◆ **TO DO**: Transcribe exactly, and only, the lines from the one containing "Важно: веранды с" through the end of the entries below, leaving the pictures out.

◆ **RECORDS SHOWN**:
⟨
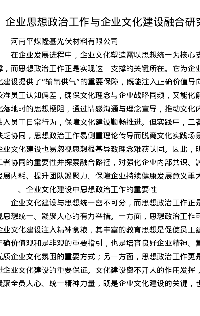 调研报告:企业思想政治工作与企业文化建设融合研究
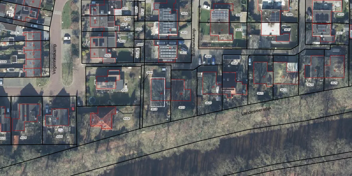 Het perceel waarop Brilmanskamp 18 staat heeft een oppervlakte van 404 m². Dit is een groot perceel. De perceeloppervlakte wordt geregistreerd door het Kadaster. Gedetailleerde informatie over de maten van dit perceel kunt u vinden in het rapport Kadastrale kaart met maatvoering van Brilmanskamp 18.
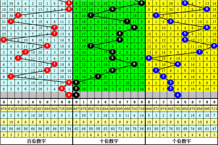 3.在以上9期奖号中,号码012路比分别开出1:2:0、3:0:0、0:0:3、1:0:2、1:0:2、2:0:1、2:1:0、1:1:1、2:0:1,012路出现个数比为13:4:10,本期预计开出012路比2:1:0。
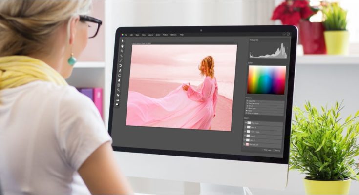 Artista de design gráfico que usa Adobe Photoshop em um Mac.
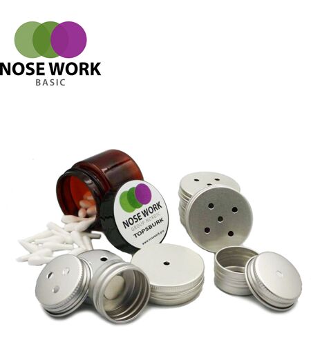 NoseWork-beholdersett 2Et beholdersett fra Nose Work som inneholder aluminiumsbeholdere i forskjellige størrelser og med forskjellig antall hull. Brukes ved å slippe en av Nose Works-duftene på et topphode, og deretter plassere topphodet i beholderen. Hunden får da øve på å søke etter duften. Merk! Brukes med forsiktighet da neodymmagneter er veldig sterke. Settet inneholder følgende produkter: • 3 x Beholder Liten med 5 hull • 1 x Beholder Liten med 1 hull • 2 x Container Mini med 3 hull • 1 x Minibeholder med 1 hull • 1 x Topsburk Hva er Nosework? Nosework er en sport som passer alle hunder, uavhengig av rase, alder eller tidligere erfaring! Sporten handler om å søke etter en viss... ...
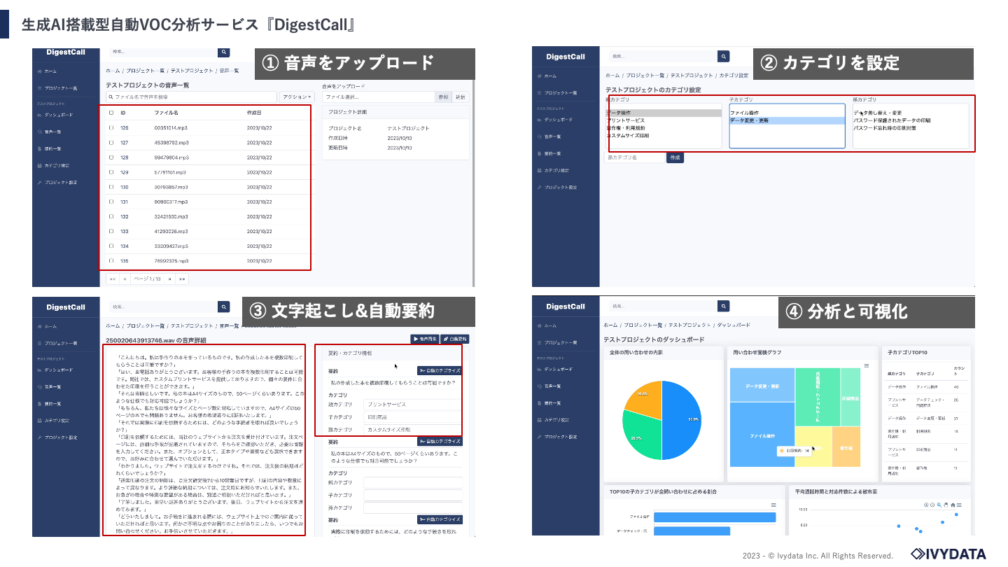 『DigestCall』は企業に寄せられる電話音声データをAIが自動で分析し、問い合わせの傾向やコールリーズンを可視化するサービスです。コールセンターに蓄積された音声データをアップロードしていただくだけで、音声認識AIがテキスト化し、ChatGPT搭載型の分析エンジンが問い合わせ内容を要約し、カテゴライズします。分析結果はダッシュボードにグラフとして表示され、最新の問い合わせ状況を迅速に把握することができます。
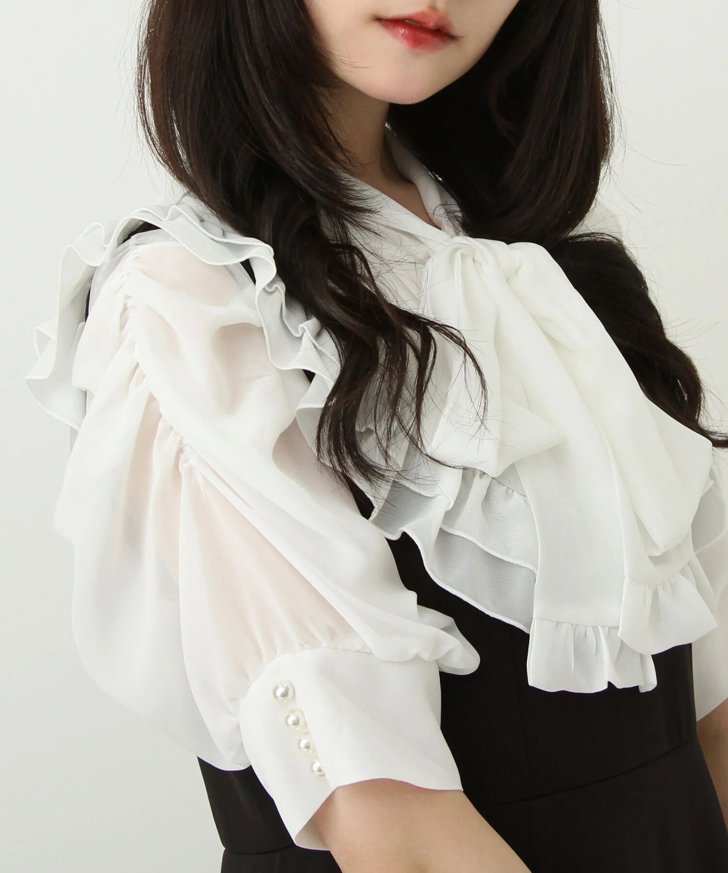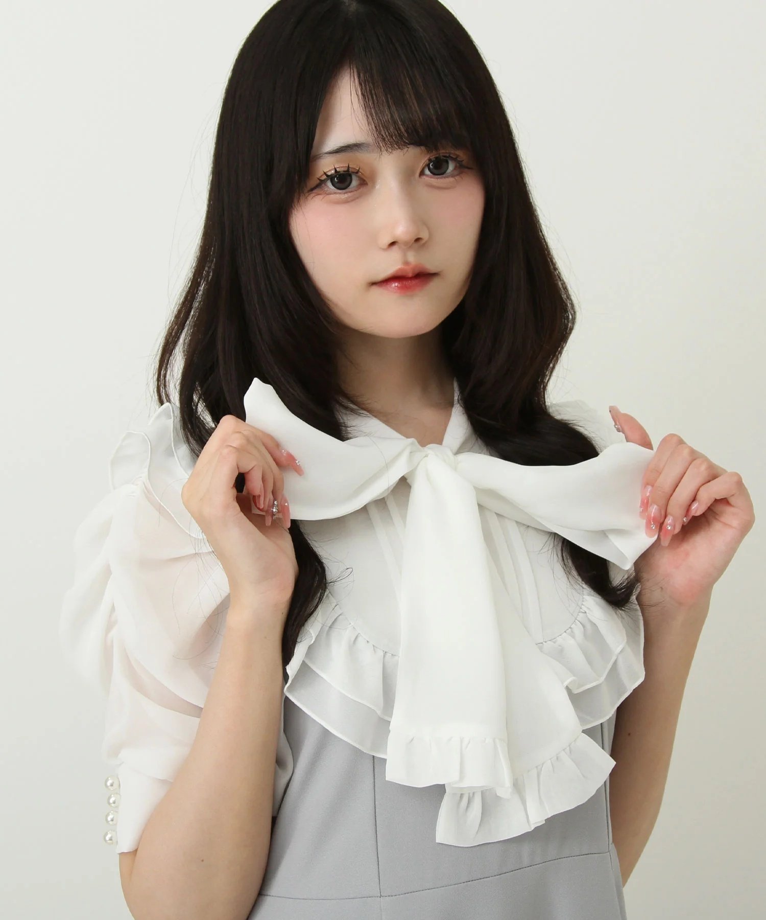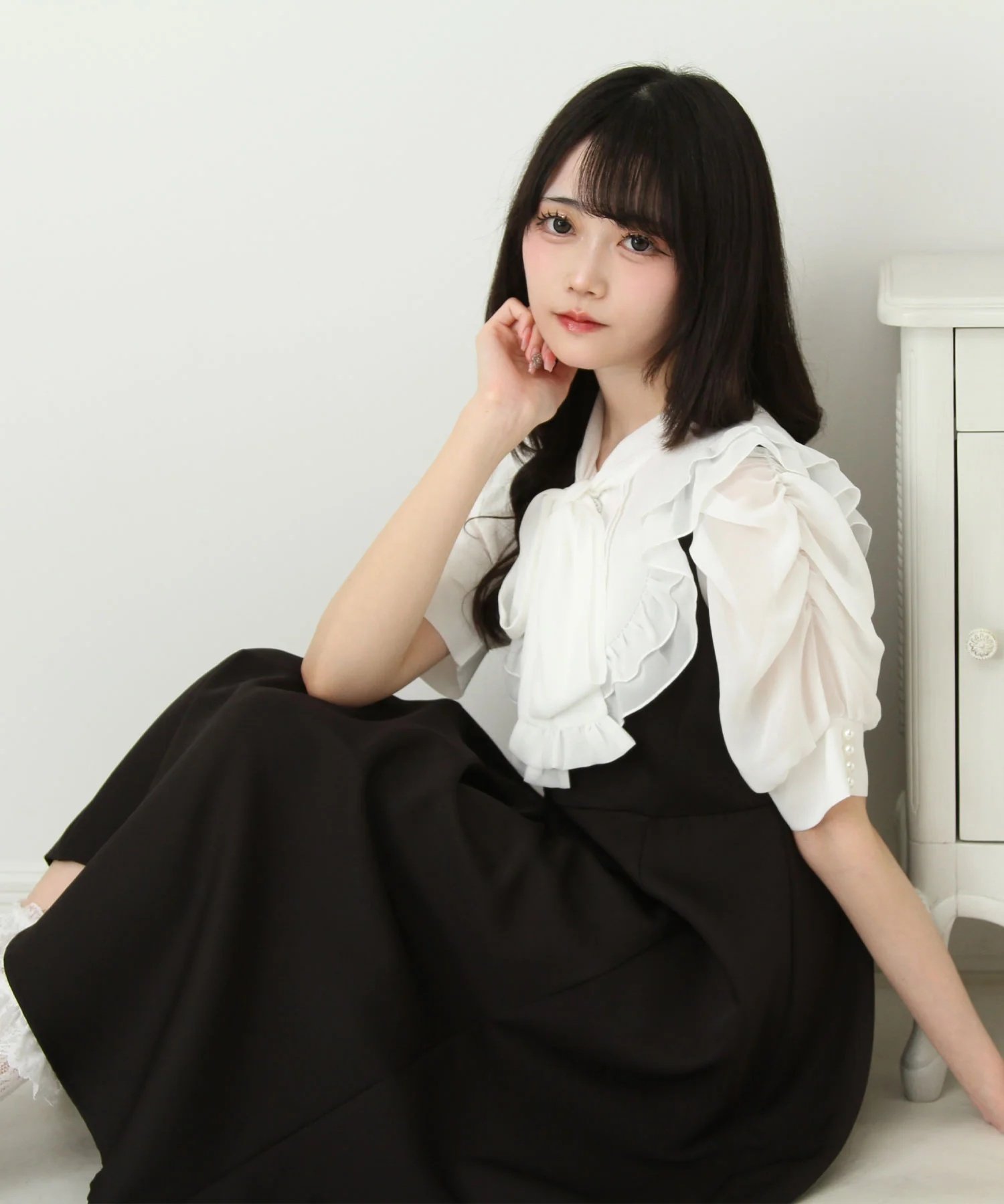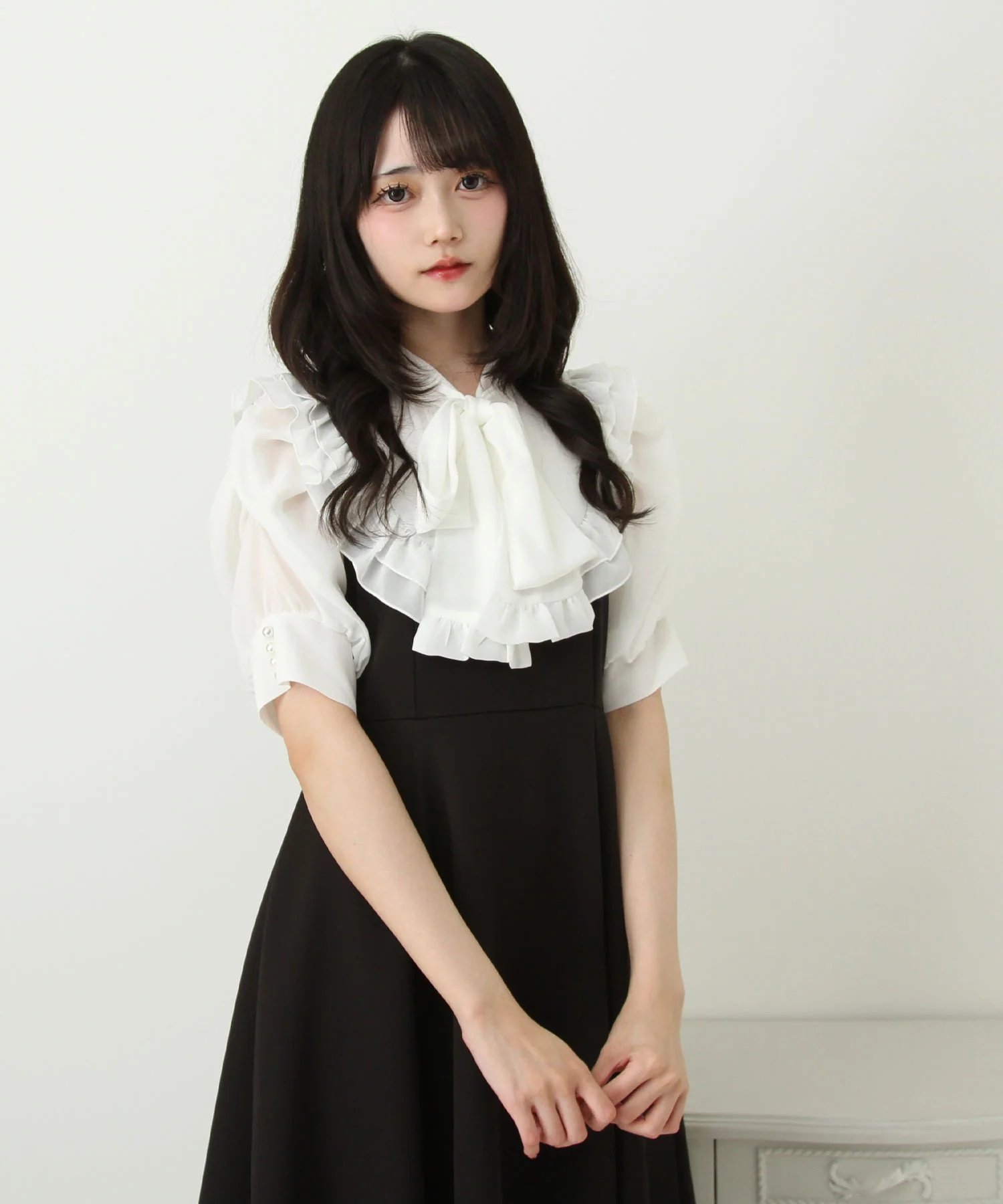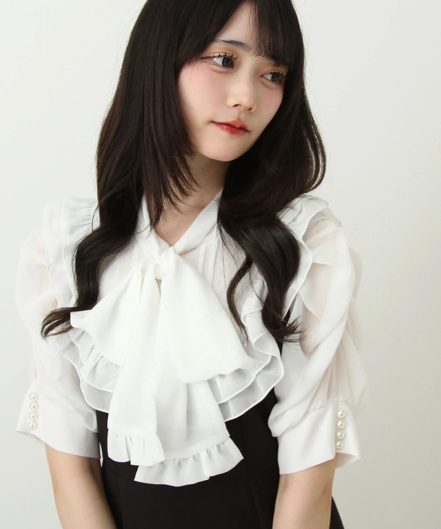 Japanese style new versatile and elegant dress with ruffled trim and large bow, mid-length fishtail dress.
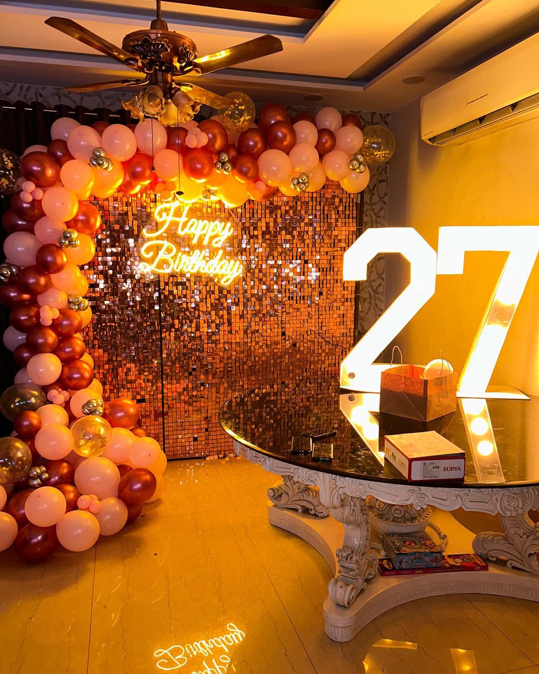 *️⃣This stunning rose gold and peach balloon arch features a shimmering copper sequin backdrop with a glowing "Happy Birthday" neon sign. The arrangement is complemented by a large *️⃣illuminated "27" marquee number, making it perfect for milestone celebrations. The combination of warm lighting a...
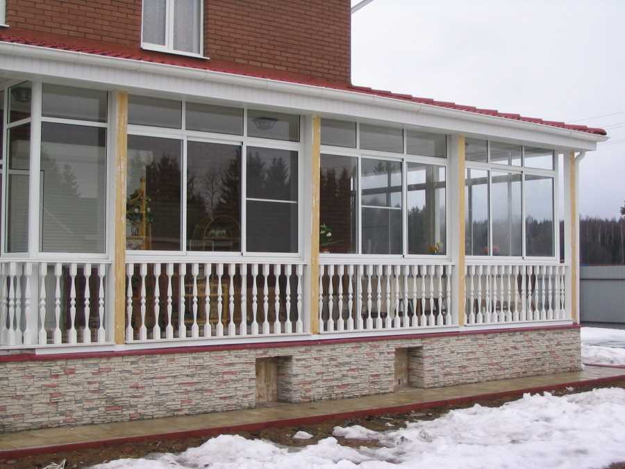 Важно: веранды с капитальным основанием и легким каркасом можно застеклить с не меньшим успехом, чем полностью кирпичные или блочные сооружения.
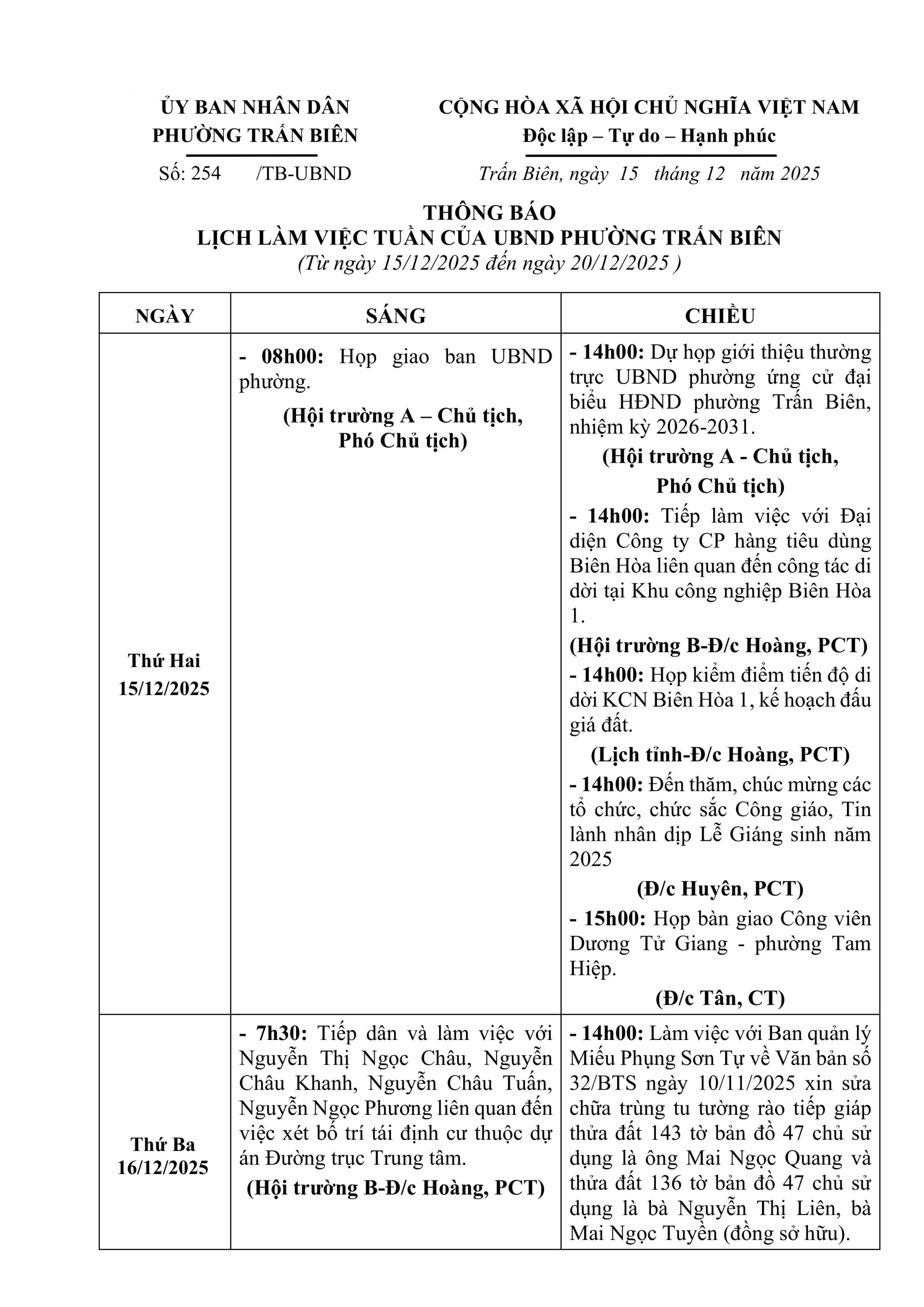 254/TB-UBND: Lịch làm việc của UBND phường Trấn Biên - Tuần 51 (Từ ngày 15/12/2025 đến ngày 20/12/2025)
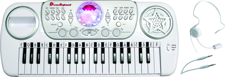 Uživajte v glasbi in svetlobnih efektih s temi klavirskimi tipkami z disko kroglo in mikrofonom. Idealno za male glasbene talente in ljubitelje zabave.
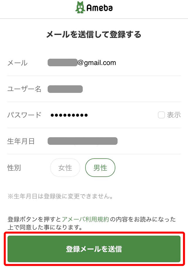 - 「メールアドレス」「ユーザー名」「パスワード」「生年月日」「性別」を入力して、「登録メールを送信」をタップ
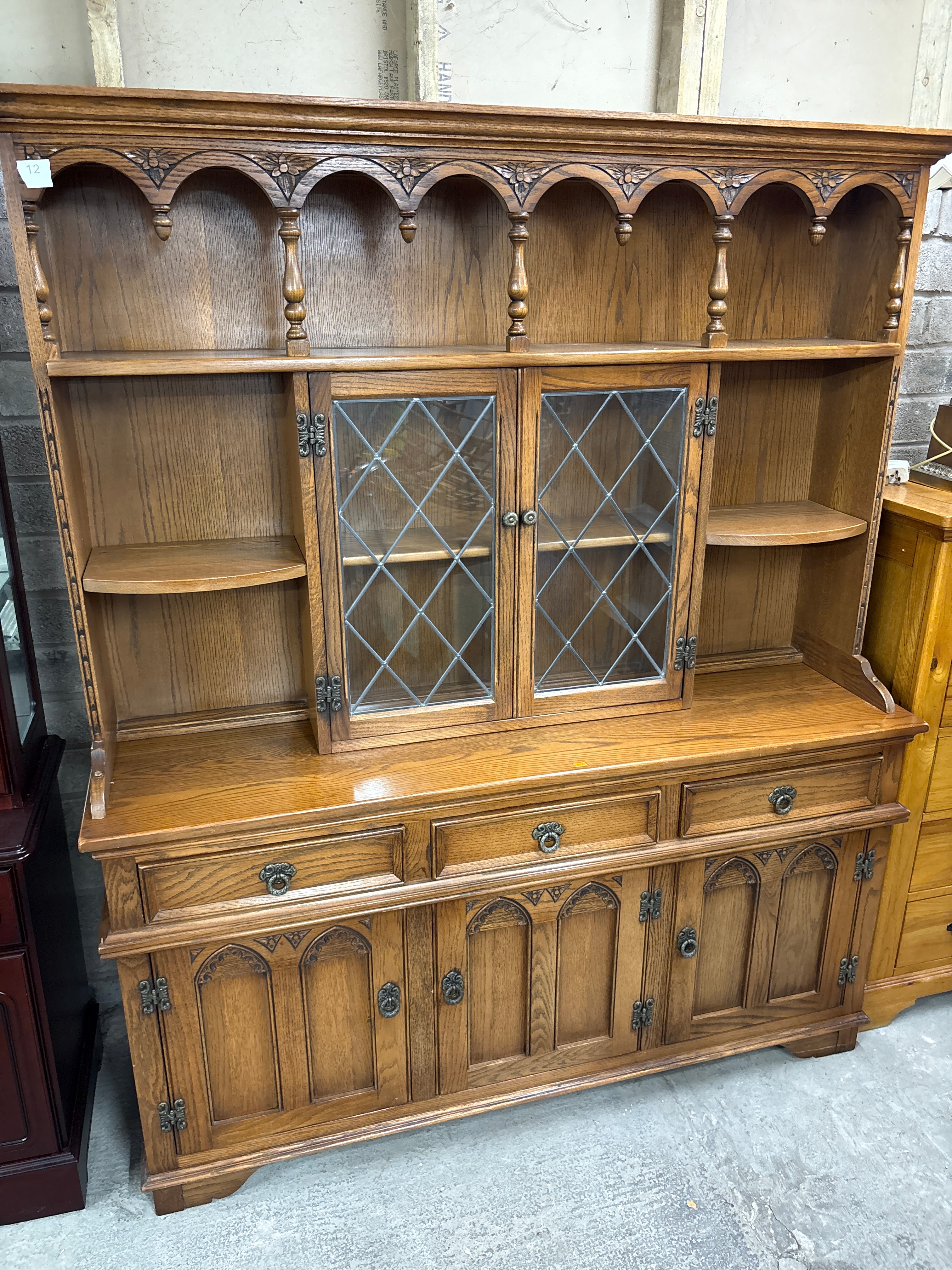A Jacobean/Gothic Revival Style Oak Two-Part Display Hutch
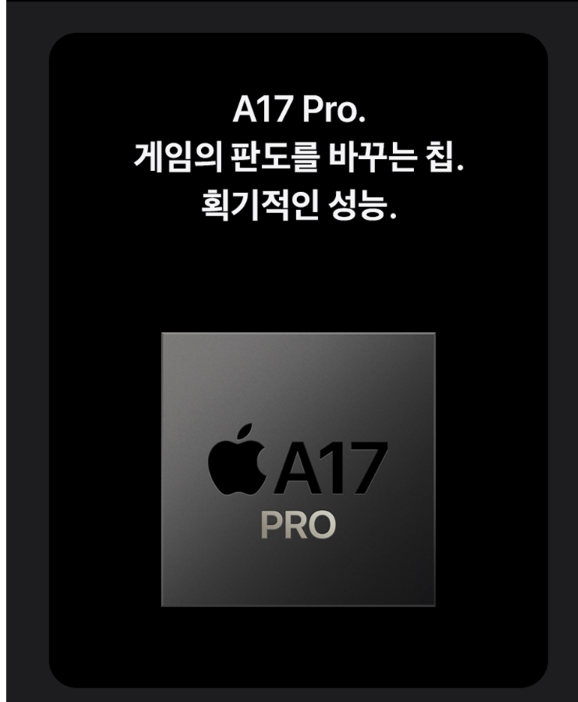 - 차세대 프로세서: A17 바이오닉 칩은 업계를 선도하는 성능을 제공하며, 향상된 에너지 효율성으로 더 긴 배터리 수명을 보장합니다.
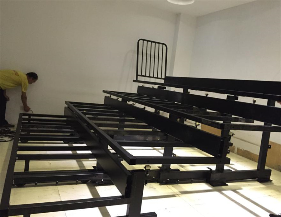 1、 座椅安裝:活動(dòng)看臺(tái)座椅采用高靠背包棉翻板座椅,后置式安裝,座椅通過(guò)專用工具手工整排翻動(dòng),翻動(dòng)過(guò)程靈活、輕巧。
⟩
◆ **RESULT OF THE TASK**:
 Важно: веранды с капитальным основанием и легким каркасом можно застеклить с не меньшим успехом, чем полностью кирпичные или блочные сооружения.
 254/TB-UBND: Lịch làm việc của UBND phường Trấn Biên - Tuần 51 (Từ ngày 15/12/2025 đến ngày 20/12/2025)
 Uživajte v glasbi in svetlobnih efektih s temi klavirskimi tipkami z disko kroglo in mikrofonom. Idealno za male glasbene talente in ljubitelje zabave.
 - 「メールアドレス」「ユーザー名」「パスワード」「生年月日」「性別」を入力して、「登録メールを送信」をタップ
A Jacobean/Gothic Revival Style Oak Two-Part Display Hutch
 - 차세대 프로세서: A17 바이오닉 칩은 업계를 선도하는 성능을 제공하며, 향상된 에너지 효율성으로 더 긴 배터리 수명을 보장합니다.
 1、 座椅安裝:活動(dòng)看臺(tái)座椅采用高靠背包棉翻板座椅,后置式安裝,座椅通過(guò)專用工具手工整排翻動(dòng),翻動(dòng)過(guò)程靈活、輕巧。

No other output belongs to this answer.